Vous avez pu le constater sur les photos de l’événement, les spectateurs participent grandement à l’ambiance en jouant le jeu de la tenue d’époque. On retrouve de toute les époques jusqu’à la fin des années 60 même si quelques hippies, probablement en avance sur leur temps, arrivent à se glisser dans la foule. Les femmes rivalisent d’élégance tandis que les hommes se répartissent entre militaires, mécanos et nœud-pap’ / cravate.

N’allez pas non plus investir dans un costard à carreaux Gucci pour l’occasion, n’oubliez pas que tout se passe en extérieur, dans l’herbe voire la boue lorsque la pluie persiste. Du coup Emmaüs ou une friperie équivalente pourra vous donner une bonne opportunité de « déguisement » à moindre coût. Pour les plus last minute d’entre vous, chaque petit village anglais offre au moins un charity shop qui pourra vous dépanner.

Coté chaussures pensez confort avant look, en évitant quand même les Nike orange, car vous allez faire des kilomètres dans le week-end ! Mais s’il vous plait faites l’effort de jouer le jeu, vous verrez que l’expérience est encore plus intense lorsque l’on fait partie du décor, et les gens « modernes » sont tellement peu nombreux que ce sont finalement eux qui se font remarquer.
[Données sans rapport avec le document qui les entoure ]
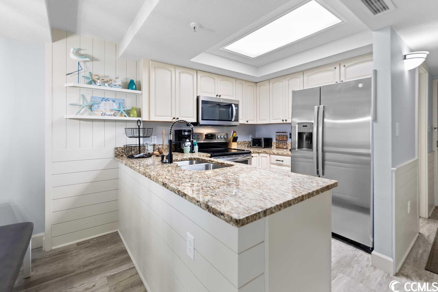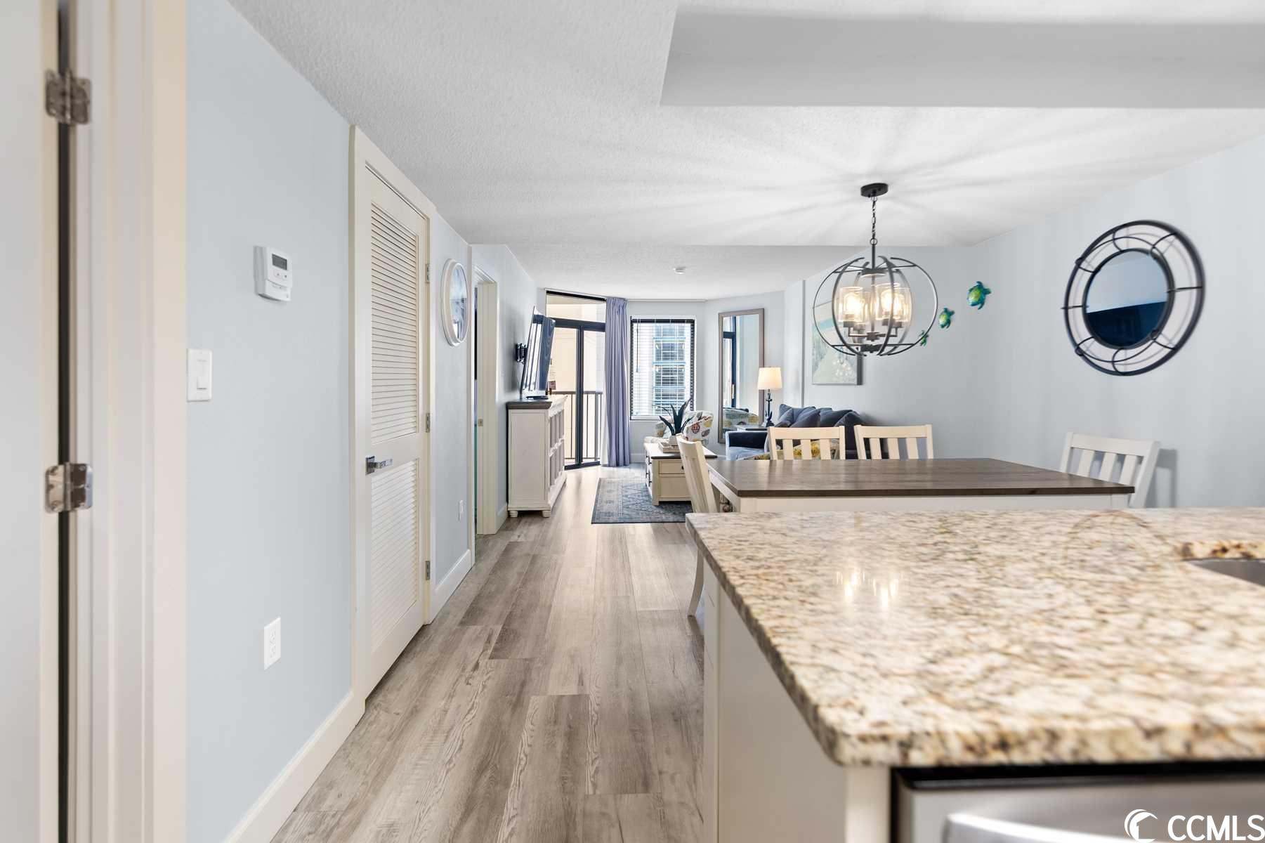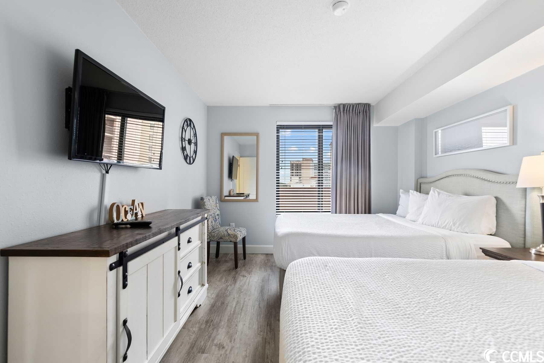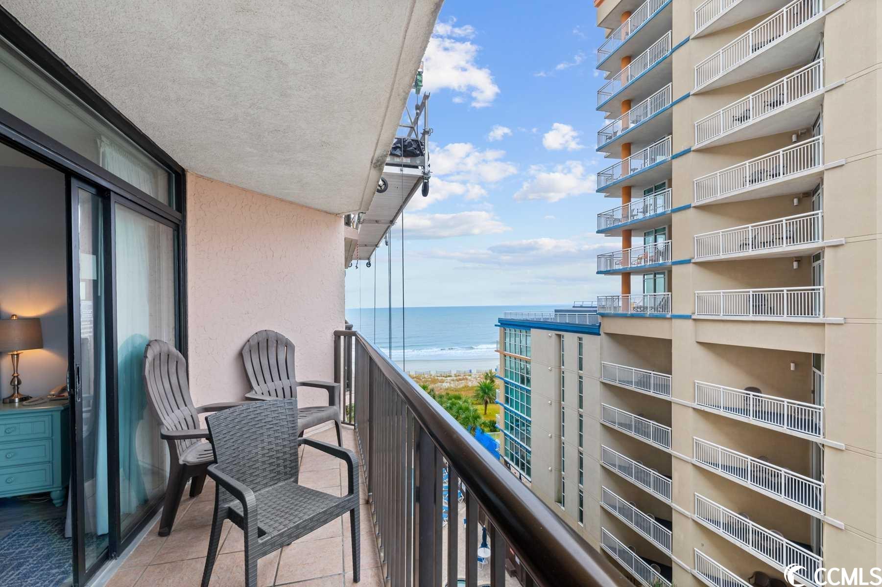 Very rare to find! Beautifully renovated and fully furnished 2 bedroom/ 2 bath in Beach Colony Resort II. HOA covers all the utilities including electric in the unit. Enter through the foyer into the open and bright living area with new LVP flooring. You can enjoy the fantastic view of the Atlantic Ocean from the balcony of the living room and the Master Suite! The kitchen is fully equipped with granite countertops, and a breakfast bar. You'll feel right at home and ready to relax and enjoy this fantastic vacation getaway. The stove, dishwasher, washer, and dryer are barely new. Beach Colony Resort has terrific amenities and offers something for everyone, including indoor/outdoor pools, a lazy river, spas/hot tubs, a fitness center, tiki bar, onsite restaurants, private beach access, and more! In the Golden Mile area in Myrtle Beach, the building location is ideal, close to all the dining, shopping, golf, and entertainment. Don't miss this opportunity to have your piece of paradise here at the beach! It is ideal for a second home or investment, so make an appointment today!
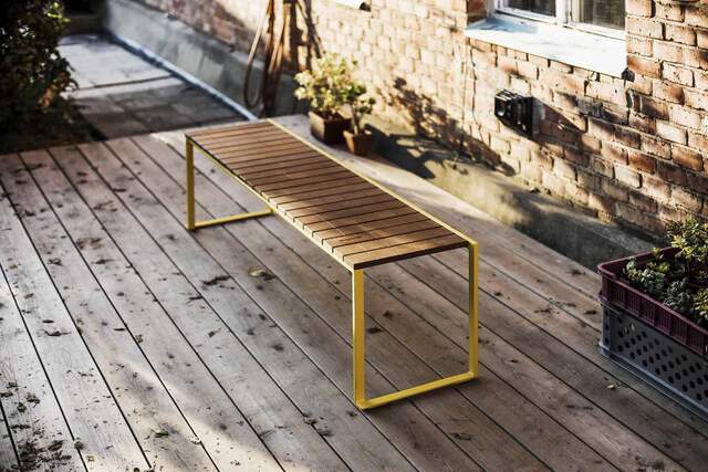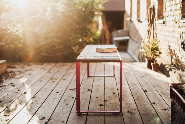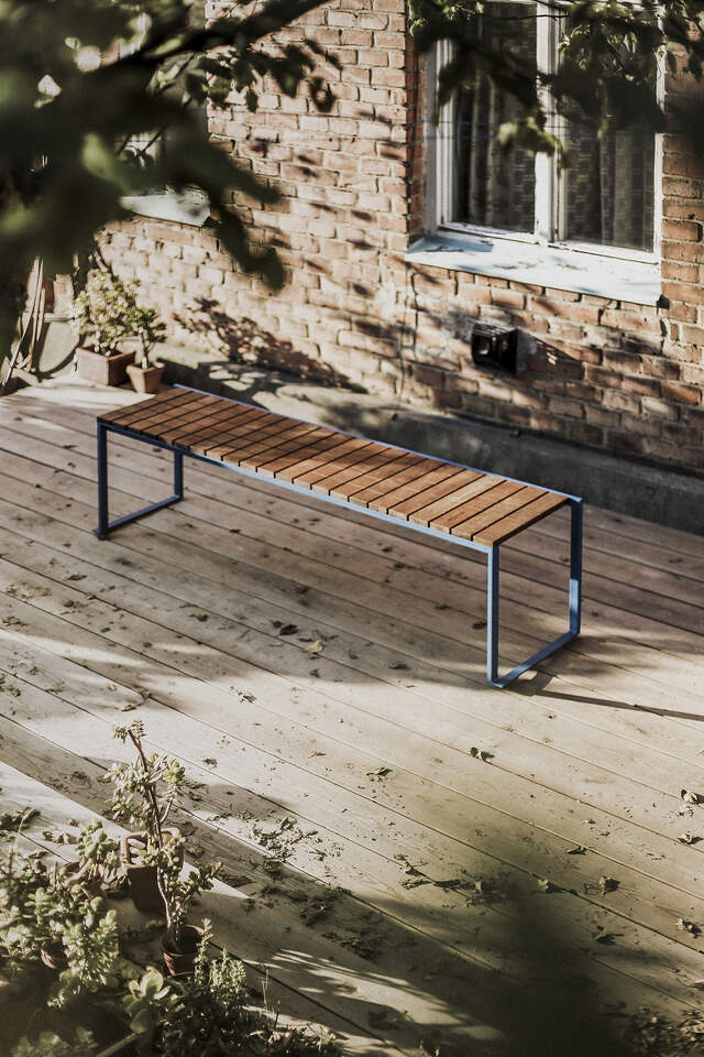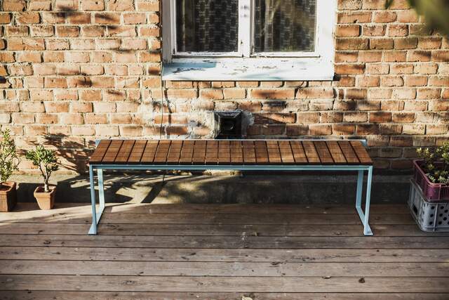 Stahlkonstruktion zinkbeschichtet, pulverbeschichtet, Massivholz mit wahlweiser Ölbehandlung.
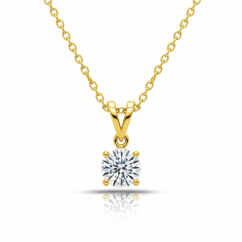 A symbol of pure elegance, this delicate gold necklace is designed to capture the light and the heart. Featuring a brilliant-cut solitaire diamond set in fine 18KT yellow gold, it provides a timeless sparkle perfect for daily wear or special occasions. The minimalist setting ensures the focus remains entirely on the breathtaking clarity and fire of the central stone. This refined piece makes an unforgettable gift, symbolizing everlasting affection and grace suitable for any young girl.
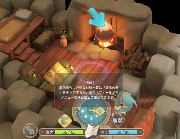 魔法調合に必要な素材は『魔法の壺』をタップすれば確認できるらしい。これは前作と同じだよね。フィールドのメニューでも可能ってのは便利になったな。
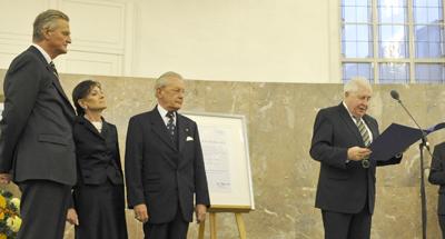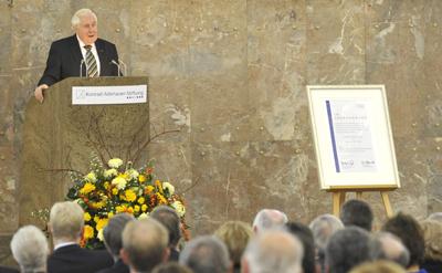 „Soziale Marktwirtschaft braucht Vorbilder und Autoritäten, um lebendig zu bleiben“, sagte Laudator Günther Oettinger, der als Ministerpräsident Baden-Württembergs ein langjähriges freundschaftliches Verhältnis zu dem Waiblinger Unternehmerpaar pflegt. Ihn fasziniere vor allem, dass sich STIHL zu einem Weltunternehmen „mit Kultur“ entwickelt habe, deren Verantwortliche und Mitarbeiter sich ihrer Wurzeln bewusst seien und sich füreinander verantwortlich fühlen.
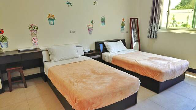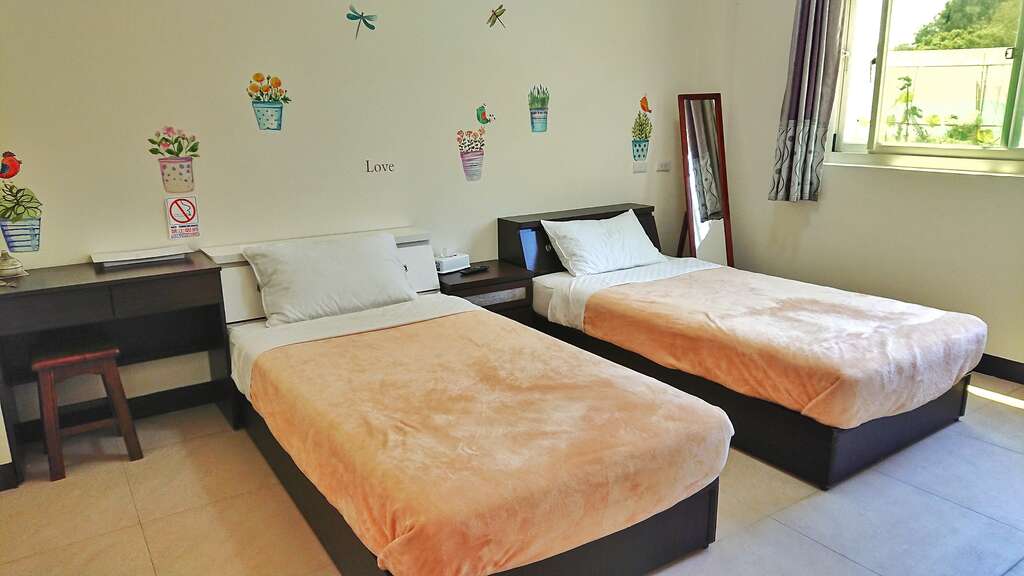 三人房|套房内空间宽敞且采光明亮,每间皆配有大片对外窗,只要拉开窗帘就可以欣赏到日出徐徐升起,让清晨第一道阳光伴随田野景致唤醒身心,房内随处可见老板娘对摆设的小巧思。

Une fois sur place, où aller, que voir ?

Concernant l’emploi du temps sur les 3 jours de la manifestation, les choses à voir sont tellement nombreuses qu’il vaut mieux essayer de se construire un plan de bataille. Le programme détaillé des courses et autres démonstrations est en ligne sur le site officiel bien avant l’événement, sous réserve de modifications mineures bien-sûr. Il permet de voir les grandes lignes du week-end et les incontournables. Ainsi, selon vos préférences vous pouvez caler les horaires des courses que vous ne voulez pas manquer.

Les courses

Pour moi la première du week-end, le Kinkara Trophy du vendredi soir finissant à la tombée de la nuit, les 2 courses du St Mary’s Trophy et le RAC TT du dimanche en début d’après-midi sont véritablement les immanquables… mais toutes les autres sont tout aussi passionnantes, animées et regroupant voitures et pilotes de légende.
Si vous ne savez pas encore quel plateau regroupe quoi, tous les détails sont là. Bref difficile de ne pas vouloir toutes les regarder, mais il y a tant à voir et à faire autour de la piste.

Les parkings

En premier lieu la zone « Over the road », de l’autre côté de la route donc, entre les parkings et l’enceinte du circuit. On y retrouve le parking pour les voitures d’avant 1971, regorgeant souvent de trésors, une fête foraine d’époque bien évidement, plusieurs food-courts regroupant de quoi rassasier petits et grands quelles que soient les préférences de chacun. Il y a également l’espace dédié à la vente aux enchères Bonhams et surtout des dizaines et dizaines de stands, de vendeurs de pièces et d’accessoires, de voitures, d’outillage, des coiffeurs et barbiers pour parfaire votre look et même quelques stands officiels des marques dont Caterham, Jaguar Land-Rover Classic et bien d’autres.

Dans l’enceinte

Une fois de l’autre coté la route, on peut rentrer dans l’enceinte du circuit et là aussi les sources de distractions sont multiples. A commencer par les nombreuses allées du Revival Market où l’on retrouve de très nombreux stands automobilia proposant livres, accessoires, peintures, vêtements ou encore des stands officiels comme Michelin, Porsche, Shell,… bref de quoi passer plusieurs heures à se faufiler d’un stand à l’autre.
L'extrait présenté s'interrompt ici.